### TASK DIRECTIONS
Take the lines from the beginning of the material through the line containing "Staggered floating shelves" and retype them exactly, leaving the pictures out.

((

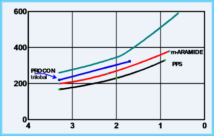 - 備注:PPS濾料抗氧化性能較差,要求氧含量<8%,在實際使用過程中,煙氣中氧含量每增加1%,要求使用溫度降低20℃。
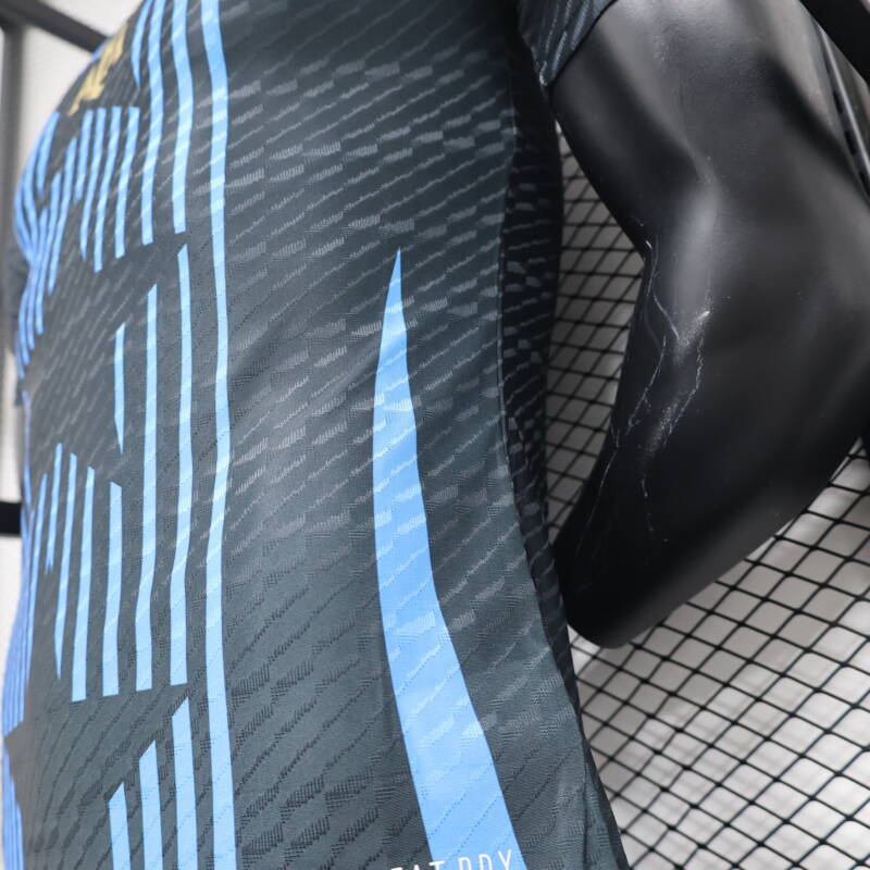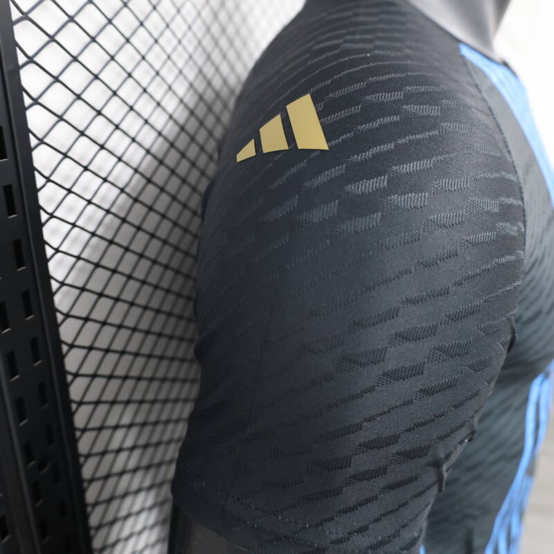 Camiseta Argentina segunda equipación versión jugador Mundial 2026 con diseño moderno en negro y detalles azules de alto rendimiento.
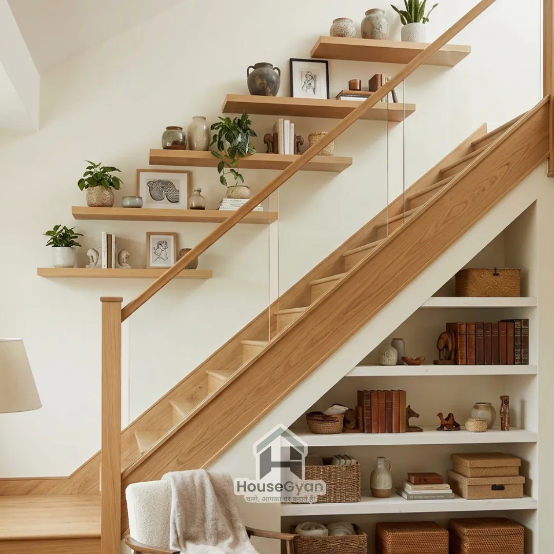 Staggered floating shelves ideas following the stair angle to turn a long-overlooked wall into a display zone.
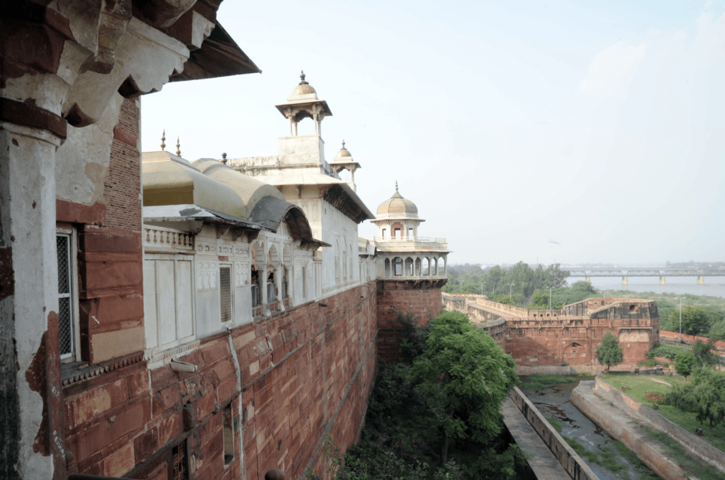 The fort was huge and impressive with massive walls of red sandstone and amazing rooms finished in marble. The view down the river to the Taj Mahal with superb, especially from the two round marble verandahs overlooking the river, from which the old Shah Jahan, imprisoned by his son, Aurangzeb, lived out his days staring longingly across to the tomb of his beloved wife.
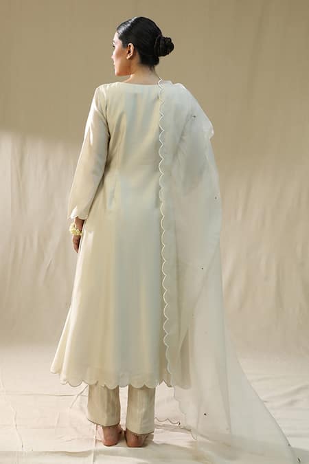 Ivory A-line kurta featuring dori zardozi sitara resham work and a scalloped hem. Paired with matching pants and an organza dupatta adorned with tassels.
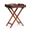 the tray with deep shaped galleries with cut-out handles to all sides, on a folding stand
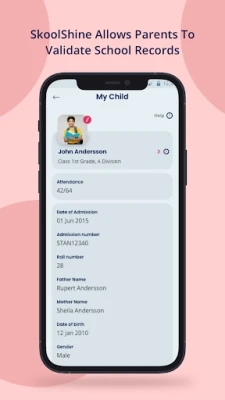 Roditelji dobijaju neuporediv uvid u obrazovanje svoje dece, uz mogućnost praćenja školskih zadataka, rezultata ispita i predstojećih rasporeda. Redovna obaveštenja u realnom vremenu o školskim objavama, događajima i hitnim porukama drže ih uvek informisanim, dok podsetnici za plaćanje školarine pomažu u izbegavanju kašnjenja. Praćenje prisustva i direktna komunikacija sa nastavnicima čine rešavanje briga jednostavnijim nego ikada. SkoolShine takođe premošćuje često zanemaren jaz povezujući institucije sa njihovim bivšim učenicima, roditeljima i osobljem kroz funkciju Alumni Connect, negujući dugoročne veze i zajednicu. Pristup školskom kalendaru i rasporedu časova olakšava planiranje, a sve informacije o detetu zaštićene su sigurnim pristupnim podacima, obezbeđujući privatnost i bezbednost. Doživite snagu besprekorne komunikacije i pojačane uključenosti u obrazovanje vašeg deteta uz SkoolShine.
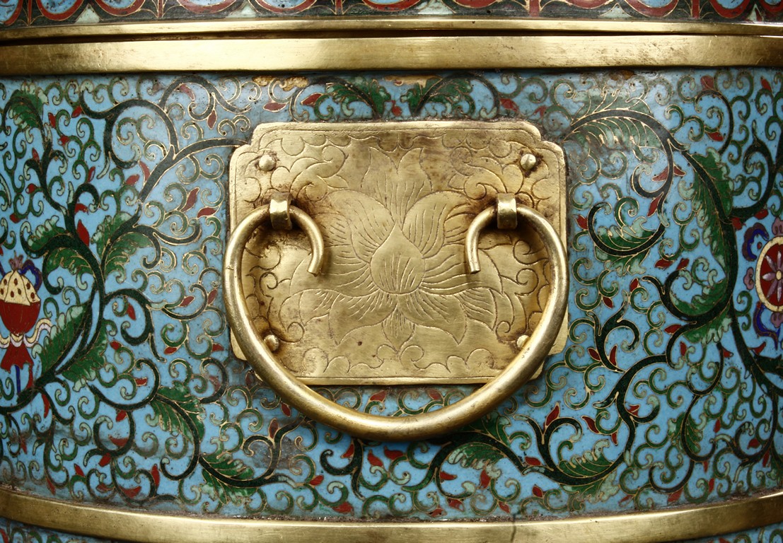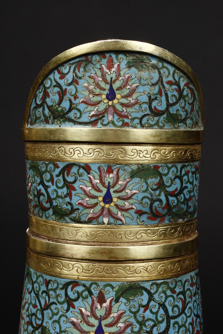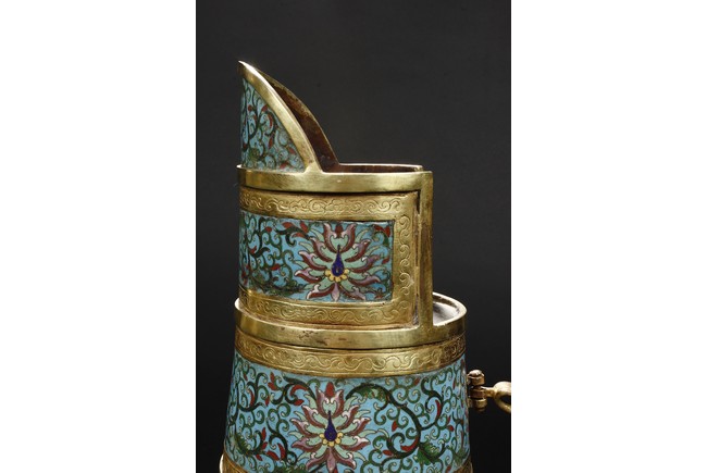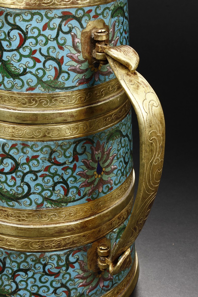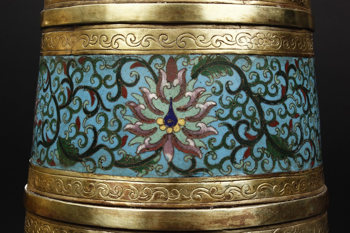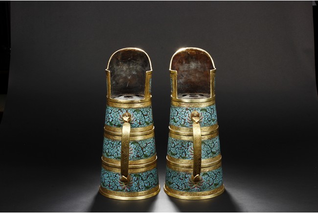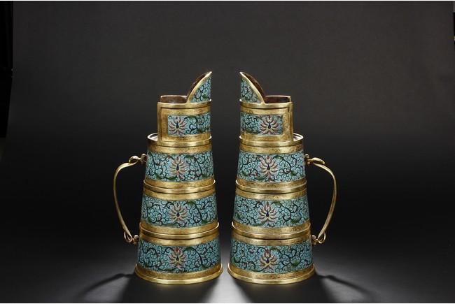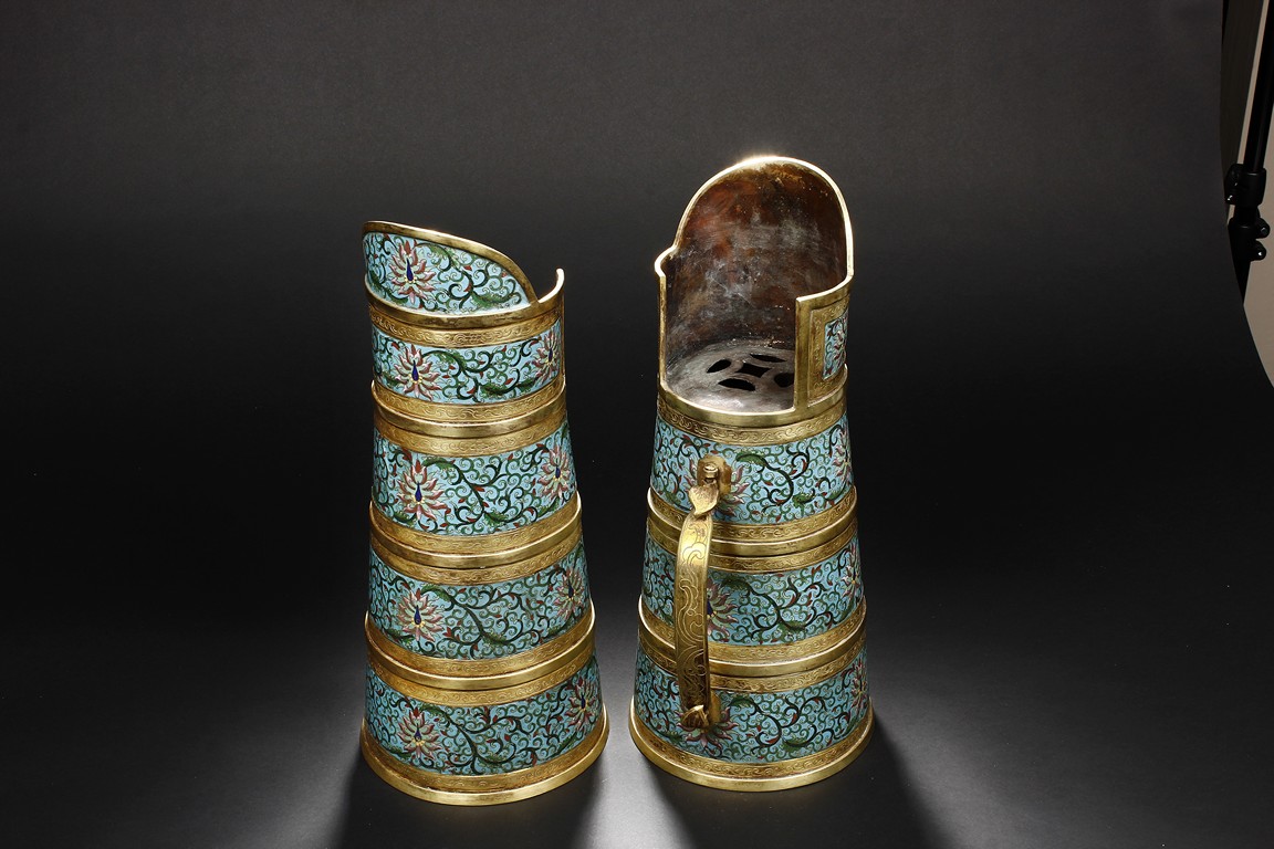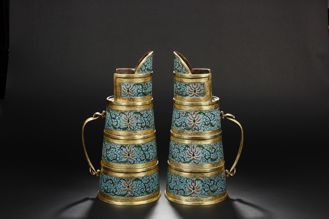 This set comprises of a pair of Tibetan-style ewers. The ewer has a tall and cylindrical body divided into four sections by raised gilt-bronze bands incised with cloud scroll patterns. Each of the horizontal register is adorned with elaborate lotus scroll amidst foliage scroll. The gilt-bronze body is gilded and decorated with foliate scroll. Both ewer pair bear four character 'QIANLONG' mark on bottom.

))

### YOUR SOLUTION
 - 備注:PPS濾料抗氧化性能較差,要求氧含量<8%,在實際使用過程中,煙氣中氧含量每增加1%,要求使用溫度降低20℃。
 Camiseta Argentina segunda equipación versión jugador Mundial 2026 con diseño moderno en negro y detalles azules de alto rendimiento.
 Staggered floating shelves ideas following the stair angle to turn a long-overlooked wall into a display zone.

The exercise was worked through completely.